Dare you to ask for feedback on how your kids see you as a parent. You might learn something valuable that could change the family dynamic.

“Let go…and let God”,


Hope you will join Nina Roesner as she provides insight on marriage and Leah Heffner as she blogs to wives with little people as we go through The Respect Dare together.

Dare 5 – The Respect Dare – Is My Mouth in Check?

Karissa went into the guest bedroom, tears welling up within her. “Why did I even come? I love her, but I hate being around her!” she thought to herself. “Why is it that I can graduate from college with honors, go to work every day and get accolades for a job well done, be up for a promotion at the age of 24, and then come home and feel like I can’t do anything right? I’ve been here less than 15 minutes!” Dread for the coming week welled up within her. “I wish I had just stayed home.”

While Karissa was in the bedroom unpacking, her mom was busy in the kitchen in the kitchen fixing lunch. “A whole week with Karissa to myself!” she felt as light as a feather. “I get her all to myself.”

Karissa pulled herself together hoping her mom wouldn’t notice the tears. “Brace yourself!” she warned. “Just let her words go in one ear and out the other. Nothing she says can hurt me.”

As Karissa entered the kitchen her mother grabbed her and hugged her. “I’m so glad you are here! Sit, let’s eat! You need to put some meat on those bones, dear. You’ve lost too much weight!”

“Just busy I guess.”

“You’ve got your hair different. I like it, but you know I really like it shorter. You should cut about an inch off so way people will see your face better.”
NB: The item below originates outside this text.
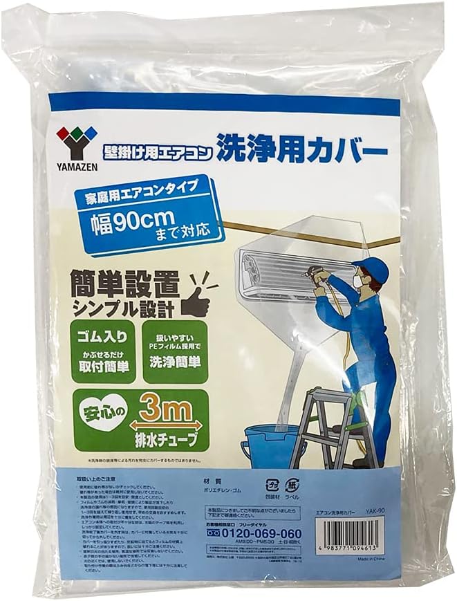 山善(YAMAZEN) エアコン洗浄カバー 幅90cm 排水チューブ3m 取付簡単(ゴム入りでかぶせるだけ) 壁掛け用 エアコン 洗浄用カバー クリーニング YAK-90

“I like it this way, Mom. I get a lot of compliments on it.”

“So, Karissa, are you dating anyone yet? I know you want children someday.”

“No, Mom. No future husband in the wings. I’m sure he’ll show up when he is supposed to and I think I’ve got a few years left on my biological clock for children.”

“What about that guy, Dan, you were dating. I really liked him. You should see if he still has any interest.”

“He’s married now, Mom.”

“I knew you shouldn’t have let him get away.”

And on and on the conversation droned.

By bedtime, Karissa was ready for seclusion from her mother’s words. “Lord, I know Mom doesn’t say things with a malicious intent. It is as if she doesn’t even think about the way her words affect other people. Help me to not be so sensitive. Help me to just enjoy her.”

By day three, Karissa was having a tough time keeping it together. All she could think of was the end of the week and getting away from all the criticism and negative input from her Mother. She decided she had nothing to lose. In actuality, there wasn’t even a relationship from her perspective…so there really was nothing to lose.

“Mom,” she ventured that evening. “Can we talk about us, about our relationship?”

“Sure, honey, you sound serious.”

“Do you like having me here?”

“Of, course.”

“Do you like me for who I am?”

“You know I love you. I love you with all my heart.”

“I didn’t ask if you love me. I asked if you like me. Do you like me for who I am?”

“That’s a silly question.”

“Mom, I know you don’t mean to, but I feel like you are constantly telling me who I should be, what I should do, what I’m not doing. What I’m really saying is that I don’t think you respect me, for me…You read your Bible don’t you, Mom?”

“Everyday.”

“There’s a scripture in there that goes something like this. Philippians 4:8 Whatever is true, noble, right pure, lovely, and admirable—if anything is excellent or praiseworthy—think about such things.

“I know that verse.”

“Could you try meditating on that when you think of me? When I’m around you, I feel like I don’t measure up. I feel like you want to “fix” me into whatever your idea is of a “perfect” daughter. In reality, I don’t think you respect the fact that I’m an adult and my own person.”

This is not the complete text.